Quality, Testing, and Tooling: 2k+ tests, enforced pre-commit + CI
- Built >2,000 unit and integration tests using pytest (with parameterization), including end‑to‑end tests for every model pipeline on real data and collation‑level tests on real outputs, raising coverage from 22% to 91%.
- Enforced a high‑quality development workflow with Black, isort, Flake8, and pyupgrade, all wired into pre‑commit hooks so every contributor follows the same style and linting rules.
- Integrated with GitHub Actions (for CODEOWNERS and review ownership of the R&D code) and Jenkins (for build, test, and deployment pipelines managed by engineering), and worked with QA/engineering teams who run additional regression and golden‑case tests before productizing new models.
- Documented the codebase with Google‑style docstrings, type hints, and graph visualizations of the processing pipelines to make behavior transparent for both engineers and non‑R&D stakeholders.
Reliability, Monitoring, and Impact: Resource benchmarking, Slack alerts, < 2 incidents
- Performed extensive benchmarking under multiprocessing to ensure that total CPU, GPU, and RAM usage stays within safe limits; added failsafes and graceful‑degradation paths for resource‑related failures.
- Enabled Slack‑based alerting (implemented with the engineering and business‑integrations teams) for errors, weekly volume metrics, and other key product KPIs.
- Reduced end‑to‑end CT/CTA turnaround time by 57%, cut new‑model integration time from ~8 days to ~1 day, and achieved zero configuration‑related failures with only two processing‑pipeline issues in two years, both resolved in ≤2 days (vs. ~14 days previously).

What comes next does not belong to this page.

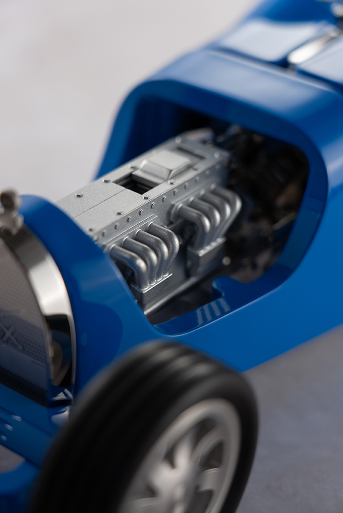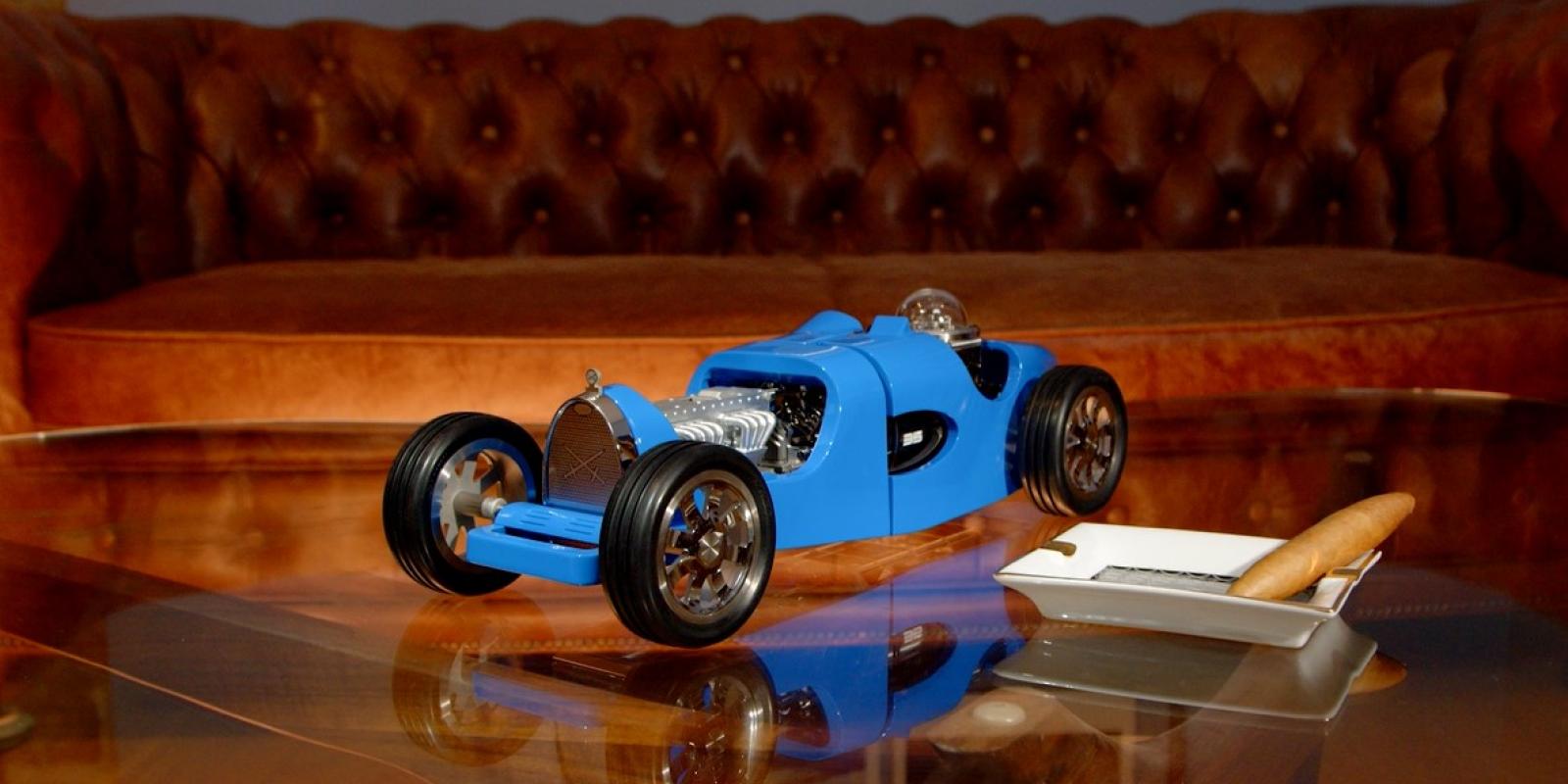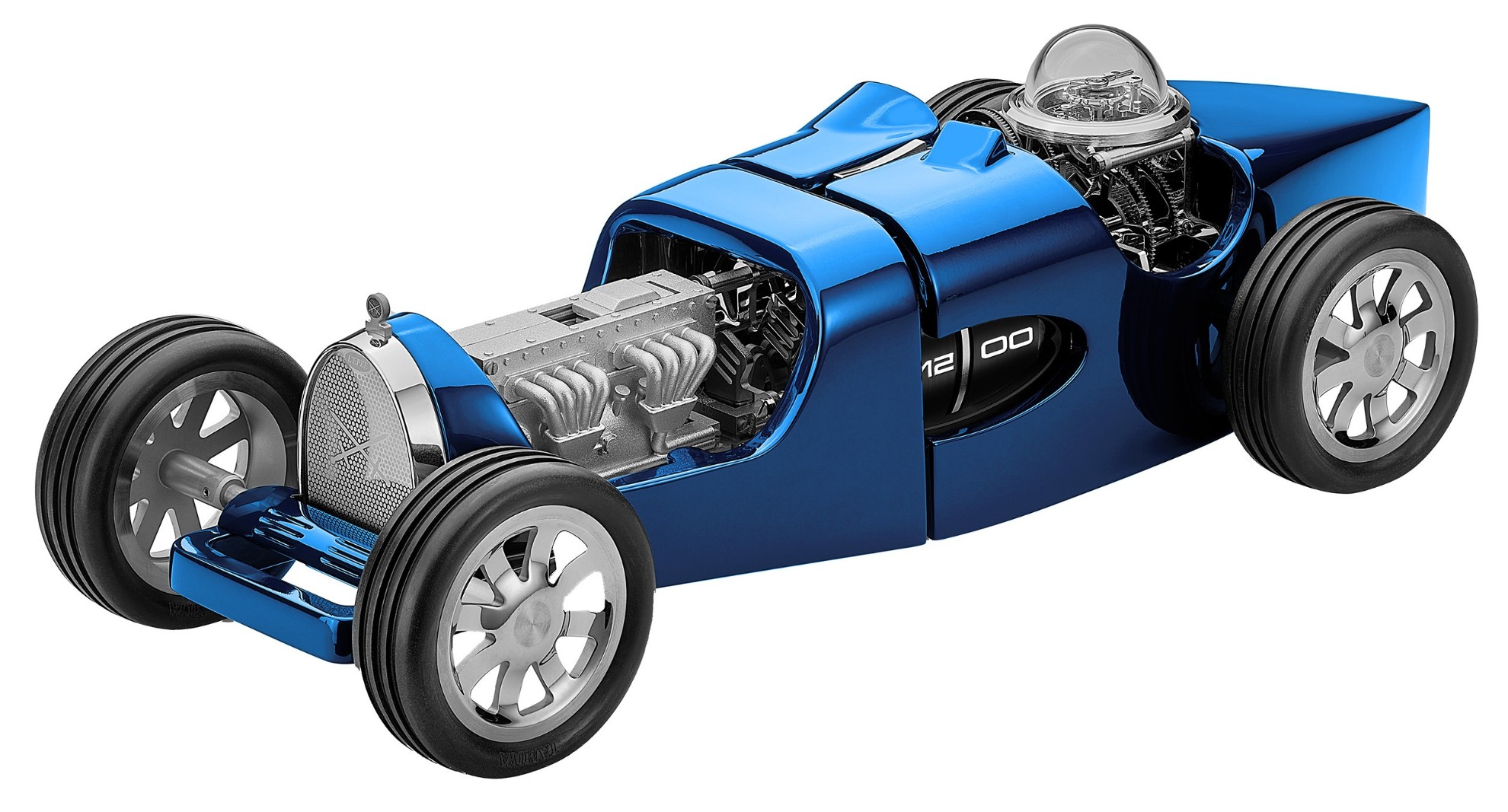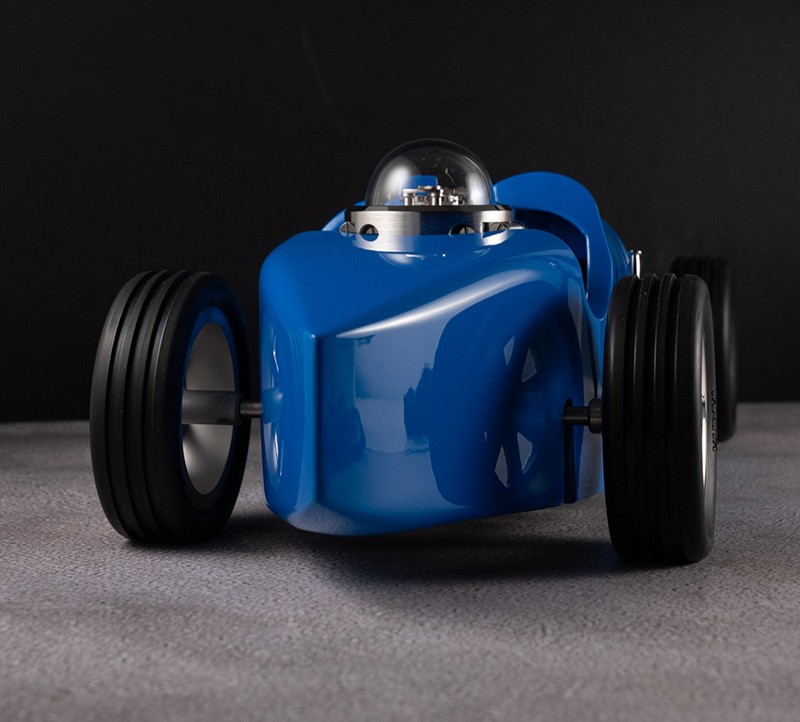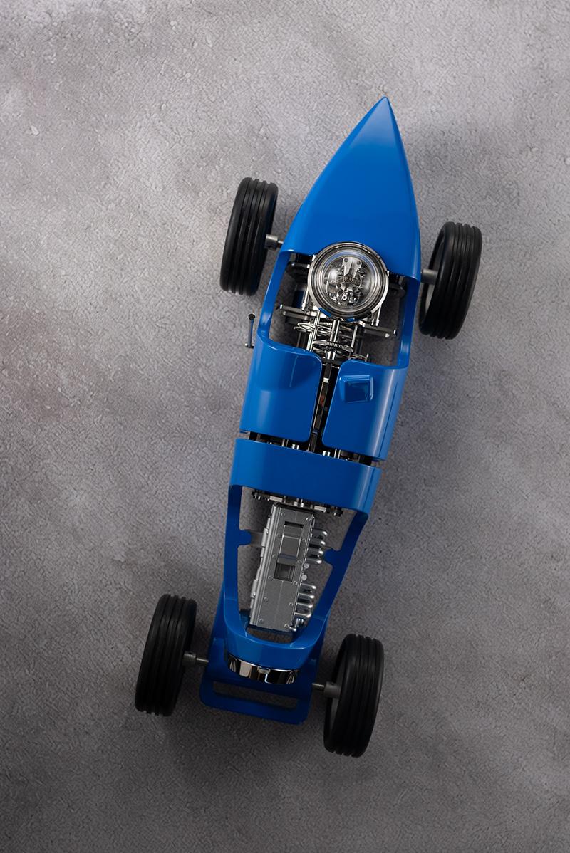 Limitovaná edice 100 kusů v závodní modré barvě inspirovaná závodním vozem 20. a 30.let 20. století, který je pravděpodobně považován za nejlepší závodní vůz všech dob. Tyto nevšední stolní hodiny se natahují pomocí zadních koleček a jsou dokonalým gentlemanským doplňkem. Jednoduchým zatažením ruční brzdy se uvolní motor V8 a odhalí uvnitř skrytý zapalovač. V dnešním uspěchaném světě vás L'Epée 1839 zve, abyste si udělali chvilku pro sebe a ocenili skvělé okamžiky i malé luxusy v životě. Čas se nastavuje otáčením volantu proti směru hodinových ručiček.

Collaboration & Leadership: Sole R&D owner → mentor, cross-org standards
- Served as the sole R&D owner for the production pipeline, then transitioned into a mentorship and review role after knowledge transfer, as additional engineers began contributing to the codebase.
- Standardized pre‑commit and testing practices for all technical contributors working on this product, driving a company‑wide uplift in code quality for this area.
- Collaborated closely with the product’s engineering lead, core engineering team, and business‑integrations team to align interfaces, deployment strategy, monitoring, and operational processes.